How blessed are those who, following the lead of the Apostles and for love of God, served the poor and ignorant. They are almost canonized already by the sentence of Jesus Christ: “Come, ye blessed by my Father; for I was hungry, and you gave me to eat ... Amen I say to you, as long as you did it to one of these my least brethren, you did it to me.” (Mt 25:34-5, 40)
Before the coming of the Holy Spirit and preaching of the Gospel, more than half the human race was under the yoke of the most cruel slavery. In pagan Rome, center of civilization, an individual often possessed many thousands of slaves.
Their masters looked upon them as mere beasts of burden. They were put to death for whim or caprice, compelled to kill each other in the amphitheatres for people’s amusement, sacrificed on the altars of their false gods, or rather, of devils. Philosophers by their reason had in vain protested against these horrors.
It was reserved for the Holy Spirit to abolish them through the Apostles who proclaimed: With God, there is neither slave nor freeman; but Christ is all and in all. These intrinsic precepts, always reiterated by the holy Pontiffs, successors of the Apostles, prevailed and succeeded in civilizing the world.
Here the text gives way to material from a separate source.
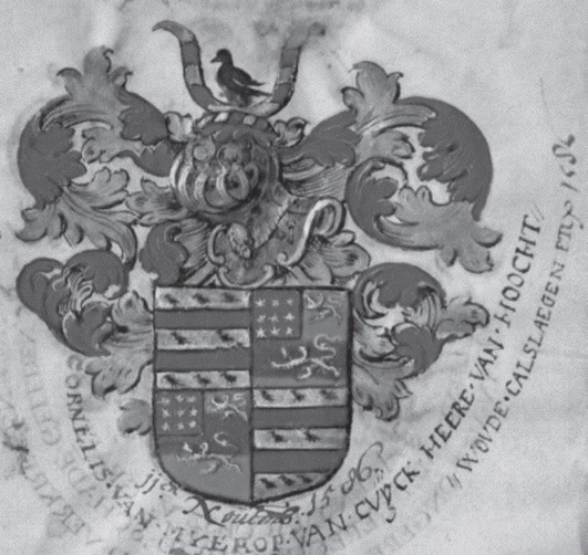 Dit was dus wat Cornelis van Mierop kocht. In het verzamelboek op de lenen van het Kwartier Friesland kunnen we lezen dat Cornelis op 28 februari 1600 beleend werd met de heerlijkheid van Hoogwouder- en Aartswouder ban ten overstaan van de vorige eigenaar, Lamoraal van Egmont jr. Behalve ontvanger-generaal, was Cornelis ook hoogheemraad van Delftland van 1586 tot zijn overlijden in 1608. In zijn tijd was dat een belangrijke functie, waarvoor hij een apart wapen liet ontwerpen.

How great is the blindness and ignorance of whoever attribute the blessings of civilization to merely natural causes! They refuse to see that this progress of the mere human spirit, has not produced such results in lands where the Gospel is still unknown.
Let us pray to the Divine Author of all good for those who remain in the darkness and misery of error, and oppressed by cruel tyranny. Let us break off from ourselves the yoke of human respect and unruly passions.
Ref: Cf “Practical Meditations” by a Father of the Society of Jesus, 1964, pp306-8
` ` ` MAY DEVOTIONS ` ` `
Mary is the Queen of Heaven -- “She lives now and is protecting us. She is there, body and soul, with the Father and the Son and the Holy Spirit. She is the same person who was born in Palestine, who gave herself to God while still a child, who received the message from St Gabriel the Archangel, who gave birth to our Saviour, and who stood beside him at the foot of the cross. In her, all ideals become a reality; but this should not make us think that her sublime greatness makes her inaccessible to us. She is the one who is full of grace and the sum of all perfections; and she is also our Mother.” (St Josemaria Escrivá, “Friends of God”, 292
Let us offer our Mother: “The ‘Hail, Holy Queen’ at each hour.”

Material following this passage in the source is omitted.